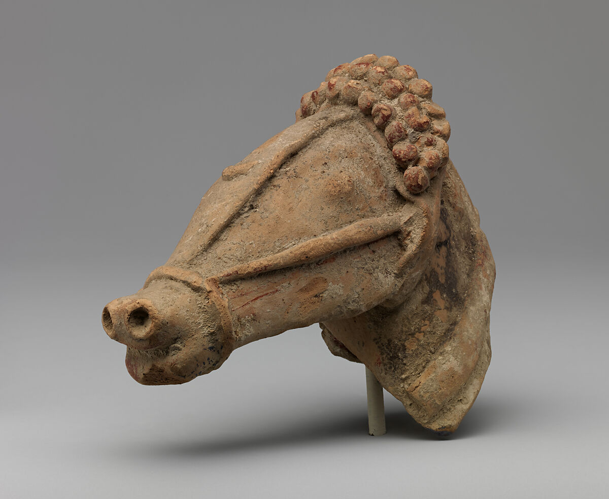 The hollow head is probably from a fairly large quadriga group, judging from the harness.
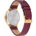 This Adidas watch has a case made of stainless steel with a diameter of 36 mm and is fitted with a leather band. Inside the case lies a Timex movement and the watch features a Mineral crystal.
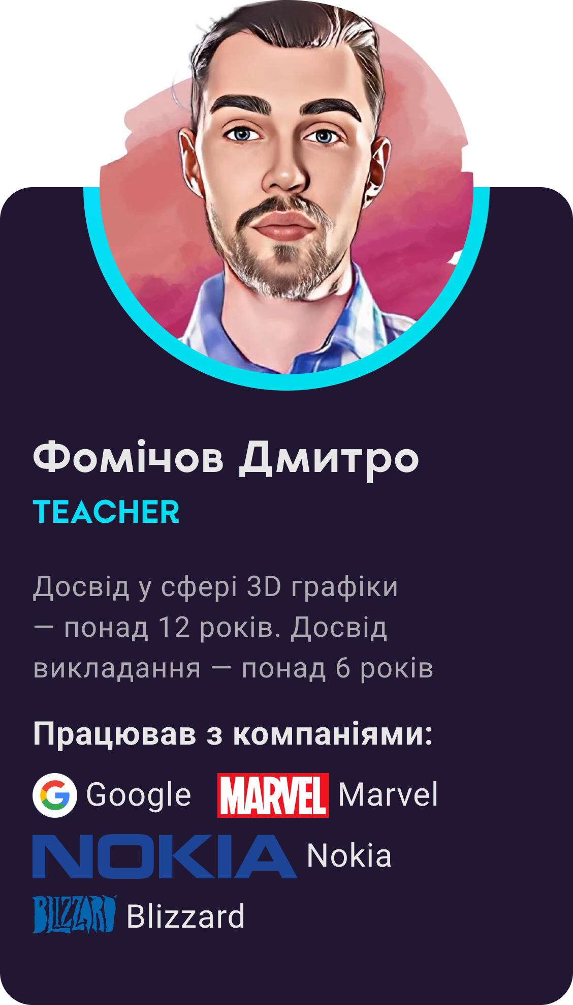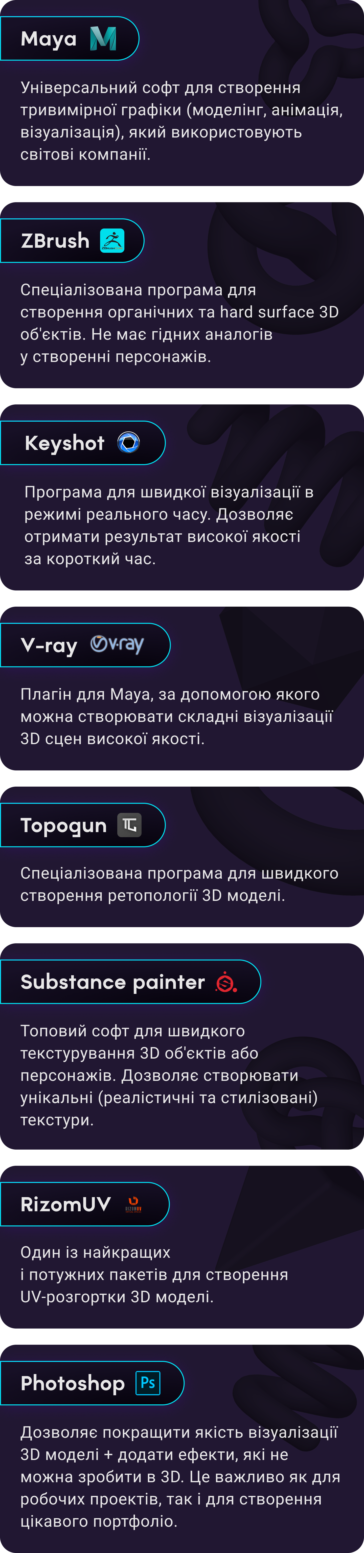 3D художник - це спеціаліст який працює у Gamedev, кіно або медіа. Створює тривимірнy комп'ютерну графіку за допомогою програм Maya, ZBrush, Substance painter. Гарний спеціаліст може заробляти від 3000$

○ ○ ○ ○ ○

> _What the task asks_
Could you reproduce the data above exactly, without its pictures?

> _Solution_
 The hollow head is probably from a fairly large quadriga group, judging from the harness.
 This Adidas watch has a case made of stainless steel with a diameter of 36 mm and is fitted with a leather band. Inside the case lies a Timex movement and the watch features a Mineral crystal.
 3D художник - це спеціаліст який працює у Gamedev, кіно або медіа. Створює тривимірнy комп'ютерну графіку за допомогою програм Maya, ZBrush, Substance painter. Гарний спеціаліст може заробляти від 3000$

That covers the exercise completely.